Shear Stress Dependent Regulation of Apical Endocytosis in Renal Proximal Tubule Epithelia

The kidney has an extraordinary ability to maintain stable fractional solute and fluid reabsorption over a wide range of glomerular filtration rates (GFRs). Internalization of filtered low molecular weight proteins, vitamins, hormones, and other small molecules is mediated by the proximal tubule (PT) multiligand receptors megalin and cubilin. Changes in GFR and the accompanying fluid shear stress (FSS) modulate acute changes in PT ion transport. Therefore, we hypothesized that changes in FSS would also modulate protein uptake. We recently discovered that FSS also modulates apical endocytosis in PT cells via a mechanosensitive pathway regulated by primary cilia . FSS caused a rapid and transient increase in intracellular calcium in cells that preceded the endocytic response. Neither the FSS‐stimulated increase in intracellular calcium or apical endocytosis was observed in deciliated cells.
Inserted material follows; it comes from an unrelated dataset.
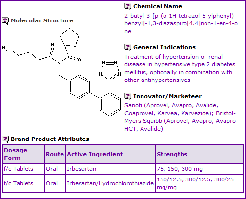 Irbesartan is currently available as oral film-coated tablets in 75, 150 and 300 mg strengths and, as a fixed-dose combination with Hydrochlorothiazide (HCTZ), in 150/12.5, 300/12.5, 300/25 mg/mg strengths. The Irbesartan molecule was discovered by Sanofi and is co-marketed under a collaborative arrangement with Bristol Myers Squibb.

Addition of ATP to the medium rescued both responses, suggesting the involvement of purinergic receptors in the signaling cascade. Both basal and FSS‐stimulated endocytosis were inhibited by inhibitors of clathrin and dynamin. Additionally, treatment of PT cells with small molecule inhibitors of Cdc42 or siRNA mediated knockdown of Cdc42 ablated the FSS‐stimulated increase in endocytosis. Similarly knockdown of N‐WASP which participates in nucleation of branched actin filaments prevented the FSS stimulated endocytic response. Our data suggest that exposure of PT cells to FSS enhances apical clathrin‐mediated endocytosis via an actin‐dependent pathway that is modulated by activation of Cdc42, and N‐WASP. Our work defines a novel mechanism that underlies effective protein retrieval by the kidney.